March 27, 2024

The Internal Revenue Service (IRS) has identified the common tax return mistakes and issued the following guidelines on how taxpayers can avoid them to expedite the processing of their returns and potential refunds. 

Collect all tax-related documents. 

Having all your tax documents ready before you start your return will not only speed up its processing but will also ensure that you will not miss a deduction, report all taxable income, and avoid inaccurate returns. An IRS tip is to have your prior year’s tax return readily accessible in case needed. 

Ensure the following details are correct. 

  • Filing Status – If you don’t have a tax software or preparer and you think that multiple filing status may apply to you, access the IRS’ Interactive Tax Assistant to ensure that you choose the right filing status. This tool can also help you with other tax inquiries such as determining if you can claim a dependent, credit, or deductions. 
  • Dependents’ names, birthdates, and Social Security numbers – All details for each dependent must be accurately provided in your return. In case a dependent or spouse is not eligible to get an SSN, use the assigned Individual Tax Identification Number (ITIN) instead. 
  • IRS Mailing Address – IRS urges filers to use electronic filing to minimize errors and maximize applicable tax credits or deductions. But in case one needs to submit a paper tax return, ensure that you get to verify and confirm that you have the correct IRS mailing address to prevent further processing delays. 
  • Bank routing and account numbers – Choosing direct deposit is the fastest and safest way to receive potential refunds. However, it is essential to ensure that you provide the correct bank information to avoid delays or misdirected refunds.  

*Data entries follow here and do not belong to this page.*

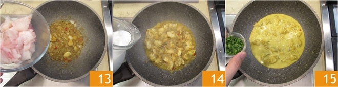 Coloque o tamboril na frigideira 13, salgue e aumente o fogo tentando dourar de todos os lados. Adicione o leite de coco 14 e deixe cozinhar por 10 minutos em fogo médio-baixo, temperando com a salsinha picada 15.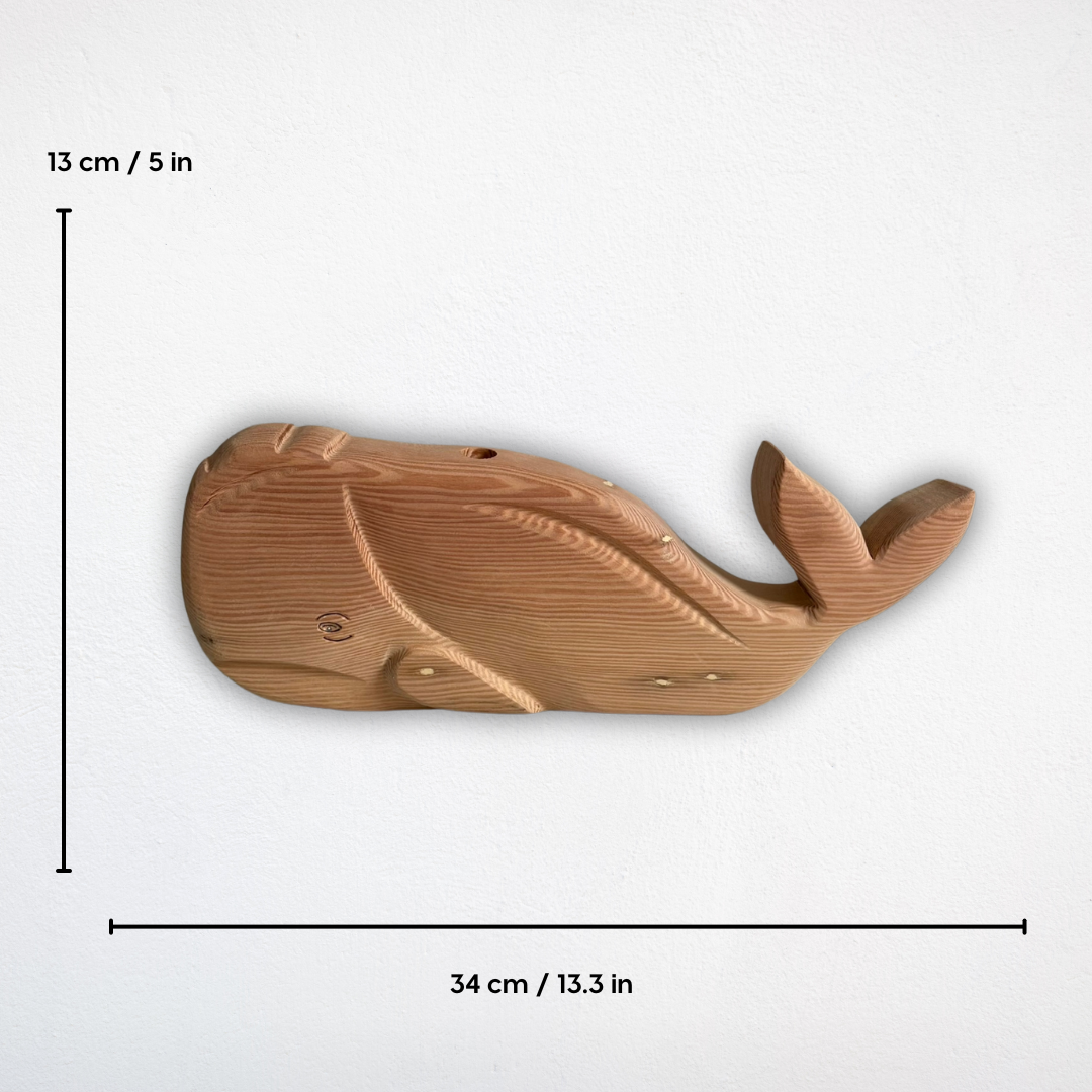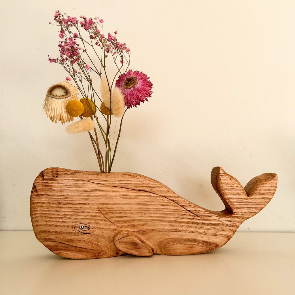 This Whale Vase Sculpture combines natural beauty with everyday function. Hand-carved from 100% reclaimed Australian timber, it features the elegant form of a whale with a slim, built-in opening to hold dried flowers or small decorative stems.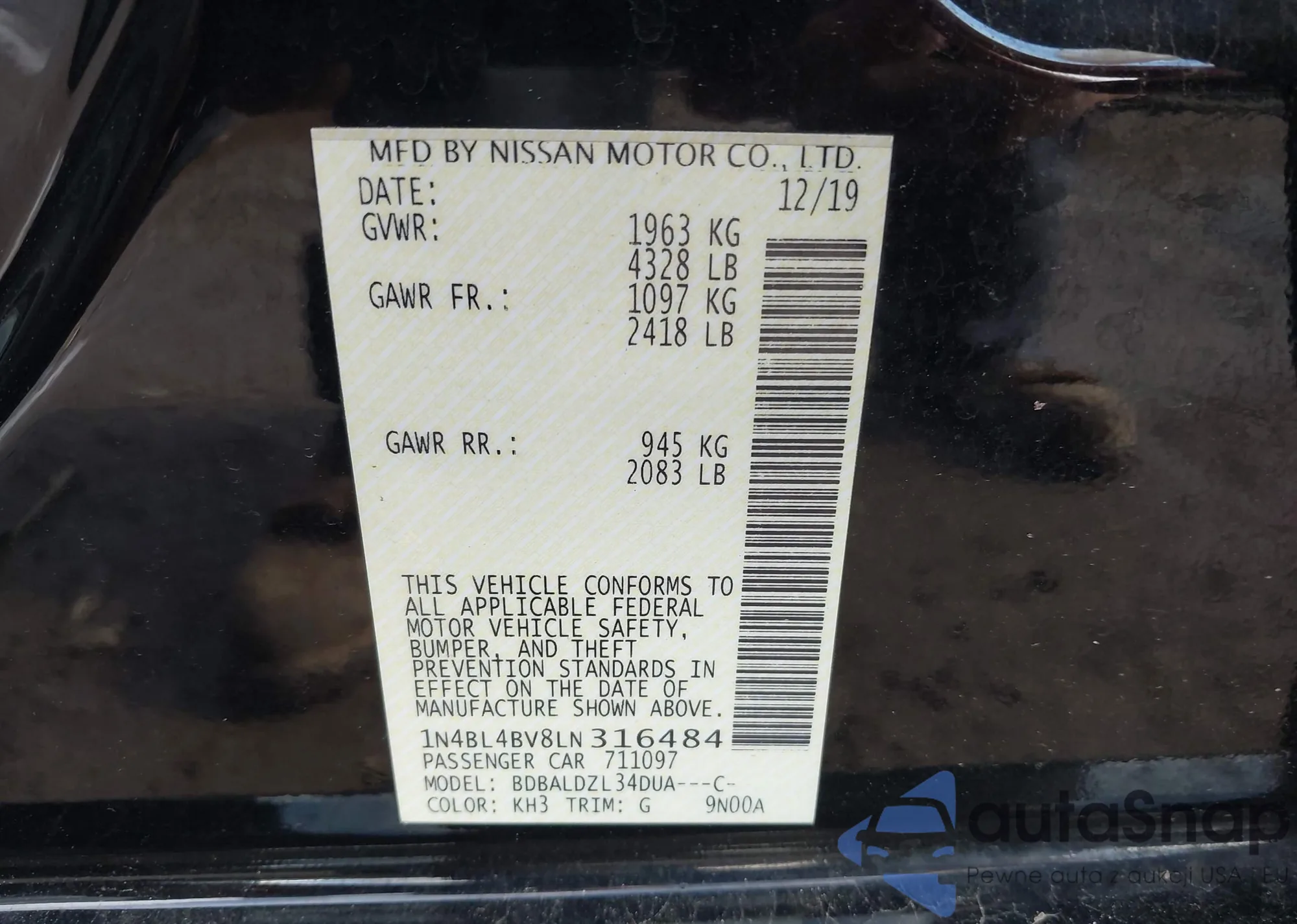 VIN: 1N4BL4BV8LN316484

As an option, the IRS promotes using part or all your tax refund to buy U.S. Savings Bonds for you or your loved ones. 

Do not skip the Digital Asset question. 

Some think that the digital asset portion of form 1040 is only for taxpayers who engage in digital asset transaction. The truth is all taxpayers must check one box to answer it with either a “Yes” or “No”. 

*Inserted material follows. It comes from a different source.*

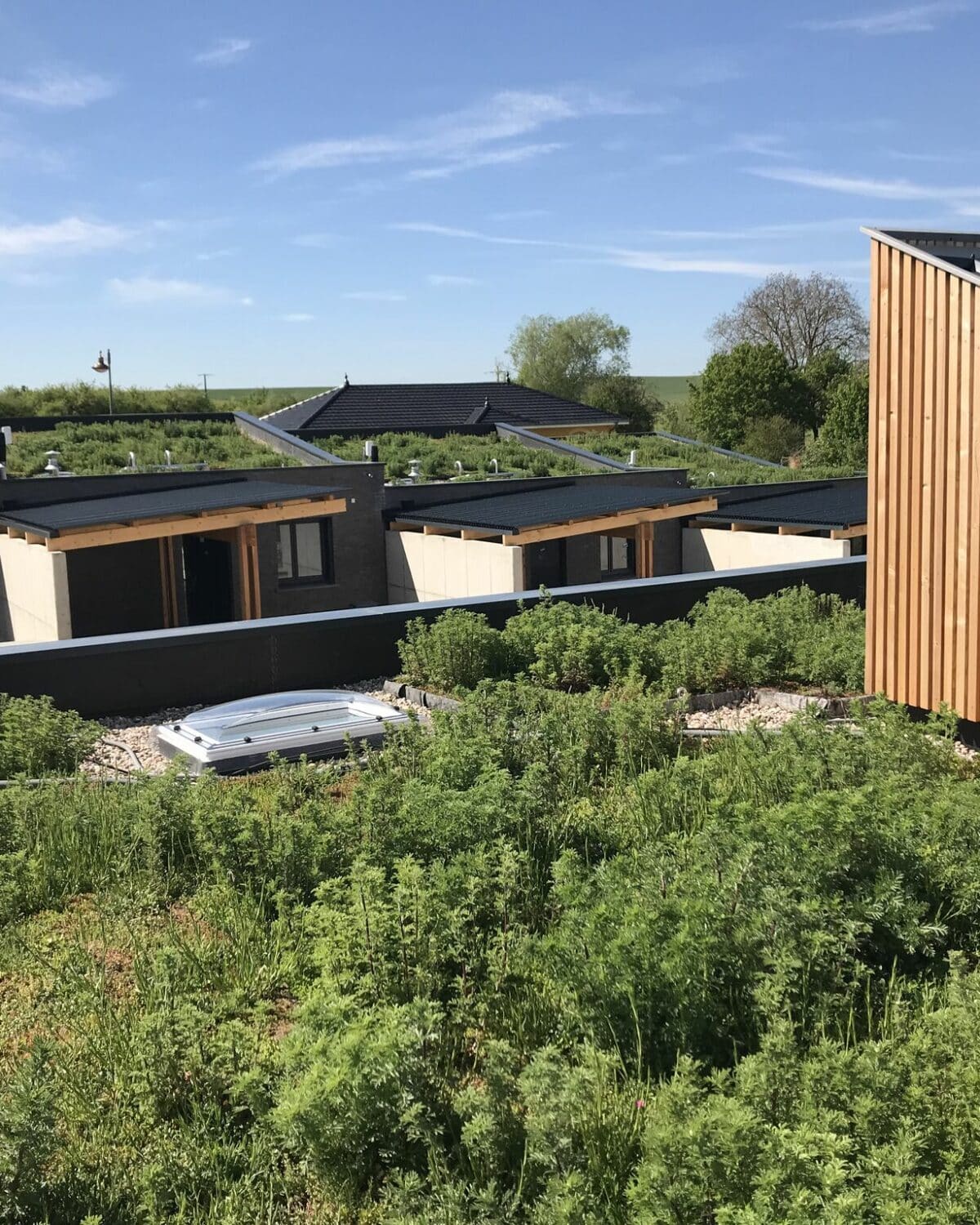 Zielone dachy wzbogacają środowisko naturalne Firma Sempergreen France dostarczyła 450 m² mat z rozchodnikiem i ziołami na zielone dachy w ramach tego projektu. Zielone dachy są dobrze widoczne z poziomu ulicy dzięki wysokiej roślinności i lekko nachylonym powierzchniom dachowym, co sprawia, że domy dobrze komponują się z otoczeniem. Różnorodność rozchodników i ziół przyciąga wiele pszczół i motyli, przyczyniając się tym samym do zwiększenia bioróżnorodności.

The IRS defines digital assets as digital representations of value recorded on a cryptographically secured technology such as Bitcoin, Ethereum, etc. Although digital assets are not real currency since they aren’t digitally issued by a government’s central bank, they have an equivalent value in currency and therefore the IRS treats them as assets. 

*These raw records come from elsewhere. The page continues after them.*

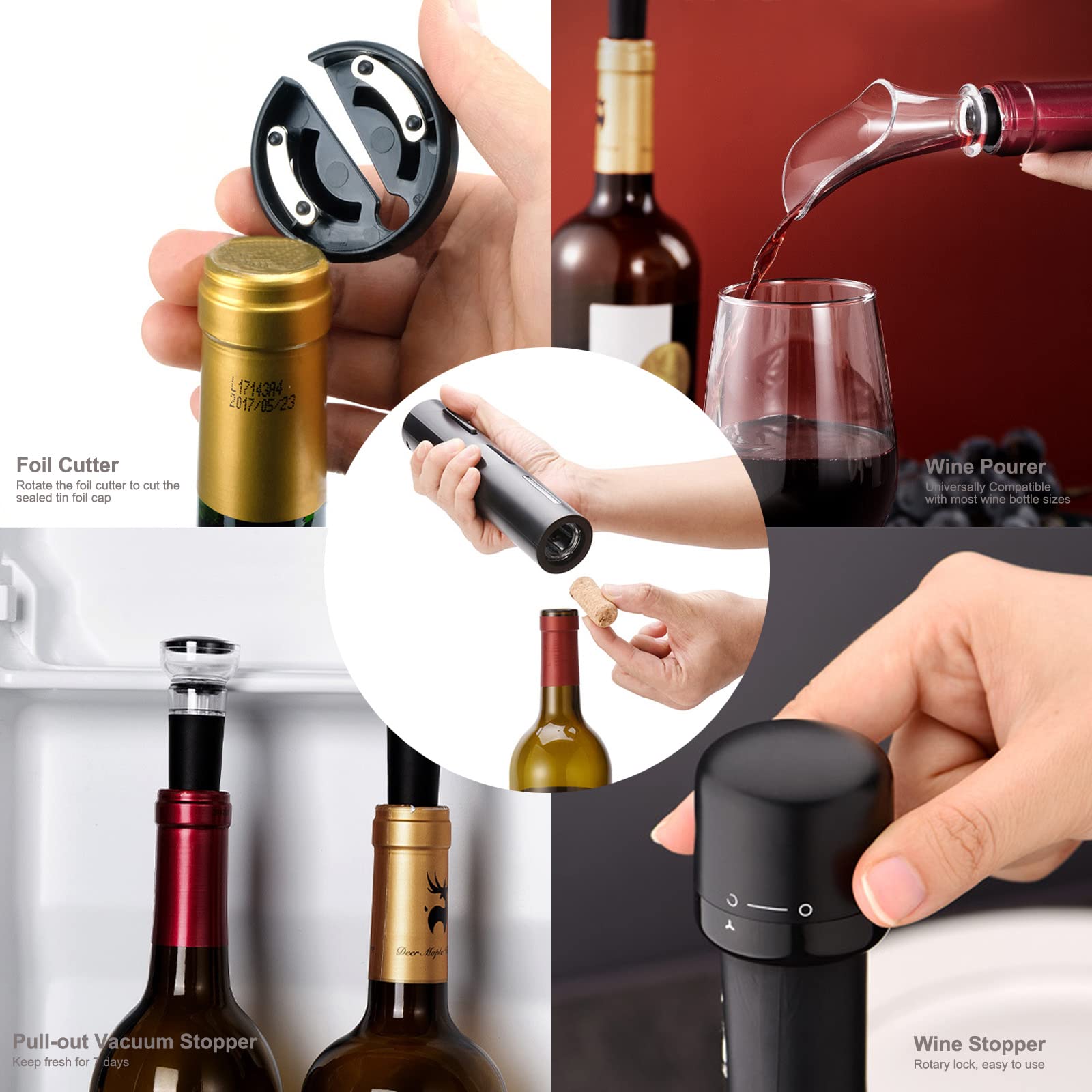 Ouvre et ferme les bouteilles de vin sans effort, garantissant un vin de qualité à chaque gorgée. C'est un cadeau idéal pour vos proches et est idéal pour la randonnée, le camping, les barbecues et les voyages. 🍷【Facile à utiliser, silencieux et rapide】Avec ce décapsuleur électrique, vous pouvez retirer les bouchons en moins de 7 secondes sans les abîmer. Ouvrez et fermez les bouteilles de vin sans effort et savourez un vin de qualité à chaque gorgée. Conception portable Notre tire-bouchon électrique est compact et facile à transporter, ce qui lui permet de gagner de la place lorsqu'il n'est pas utilisé. TIRE-BOUCHON,Stainless steel suit--Tire bouchon électrique automatique... Tire bouchon électrique batteries rechargeables inox H20cm Elis Maisons du Monde 🍷【Ouvre-bouteille électrique rechargeable】Le tire-bouchon électrique est doté d'une batterie rechargeable intégrée, éliminant ainsi le besoin de changer les piles. 🎁【Cadeau idéal】Ce décapsuleur électrique rechargeable présente un design et un emballage uniques. Compatible avec la plupart des bouteilles de vin et tous les types de bouchons, il est idéal pour les amateurs de vin. Cadeau idéal : Ce décapsuleur électrique rechargeable, au design et à l'emballage uniques, est à la fois élégant et pratique, ce qui en fait un cadeau idéal pour vos proches et les amateurs de vin. Tire Bouchon Electrique Rechargeable BGFOX Kit Décapsuleur électrique Avec Automatique, Coupe-capsule, Distributeur De Vin électrique Automatique Et Bouchon Sous Vide, Rechargeable, En Acier Inoxydable, Cadeaux Tire-bouchon électrique Fonctionnalité 6 en 1 : notre ensemble ouvre-bouteille de vin comprend non seulement un ouvre-bouteille de vin électrique, mais également un coupe-papier, un joint sous vide, un arrosoir à vin et un câble de chargement USB pratique, le tout dans un ensemble pratique Facile à utiliser Avec ce tire-bouchon électrique, vous pouvez retirer les bouchons en moins de 7 secondes sans les abîmer. Il ouvre et ferme les bouteilles de vin sans effort, garantissant un vin de qualité à chaque gorgée. Le choix idéal pour les amateurs de vin. Ce tire-bouchon est fabriqué en acier inoxydable robuste et en ABS, ce qui le rend extrêmement durable et sûr. Idéal pour les anniversaires, les mariages, les anniversaires de mariage, Noël, le Nouvel An, Thanksgiving, la fête des Mères, la fête des Pères, la Saint-Valentin, etc. 👍【Design portable】Notre décapsuleur électrique est compact et facile à transporter, ce qui permet de gagner de la place lorsqu'il n'est pas utilisé.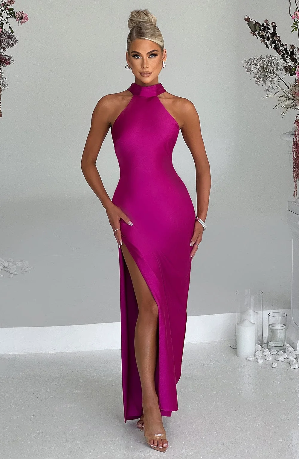 Indulge in the unforgettable elegance of the Pink Satin Bias Cut Maxi Dress. Ignite the night with its high neck, backless design, and oversized tie detail. Crafted from the finest satin, this dress gently flares at the hem for a timeless silhouette. Elevate your look with platform heels and be the center of attention in any event.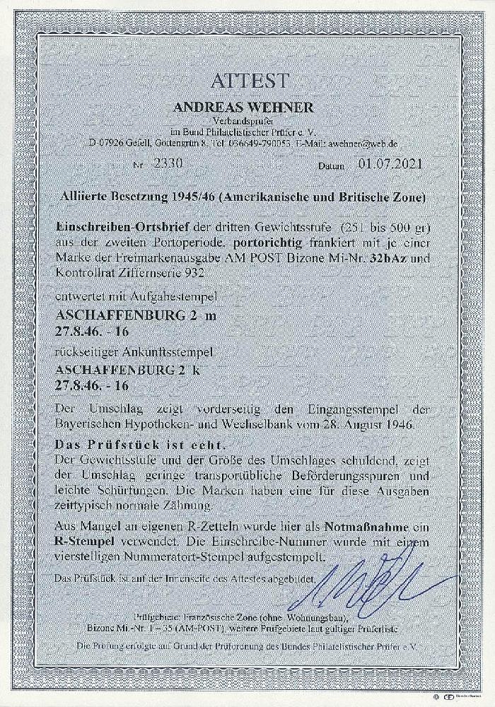 | Zusatzinformationen und Suchstichworte: | Ulrich Felzmann 175. Auktion Auktionstermin: 30. Juni 2022 Los 6277 Bizone 50 Pfg Deutscher Druck und 50 Pfg Ziffer als MiF auf R-Ortsbrief der 3. Gewichtsstufe aus der zweiten Portoperiode, portogerecht mit 100 Pfg frankiert auf vollständigem Umschlag mit leichten Beförderungsspuren ab ASCHAFFENBURG 27.8.46 mit rs. Ank.-Stempel und als Notmaßnahme R-Stempel statt R-Zettel, im Michel unbekannte Portostufe, Fotoattest Wehner BPP Ausruf 400,00 EUR |

In general, you must select “No” if any of the following applies: 

  • Did not own any digital assets, or  
  • Owned digital assets but did not have any transactions during the year such as sale, disposal, or receiving digital assets as payment for goods or services. 

If your financial situation warrants a “Yes” answer to this question, remember to report income from your digital asset transactions. 

Report all taxable income. 

The IRS has been reminding taxpayers to report all taxable income to avoid incurring penalties and interest, highlighting the earnings sourced from self-employment, interest earnings, unemployment benefits, business income, and digital assets. 

Remember to sign and date the return. 

Spouses filing jointly must both sign and date the return. Taxpayers who self-prepare their taxes and electronically file their return must sign and authenticate their tax return by entering their prior-year Adjusted Gross Income (AGI) or their prior-year Self-Select PIN. You may visit the IRS website for further details on how to validate an electronic tax return.  

Keep a copy of the tax return. 

Maintaining records or duplicate copies of your tax return and its supporting documents will not only prepare you for future filing of returns, but it will also help you figure mathematical computations when you must amend a previously filed return. The IRS website has a set a guide on the period of limitations applying to income tax returns. 

Request an extension, if needed. 

If you find that you need more time to file your taxes, consider requesting a six-month extension until October 15 to avoid late filing penalties. Taxpayers have until April 15 to request for the extended filing deadline. 

It is important to note that although the extension allows you more time to file your return, the payment of taxes is still due on April 15.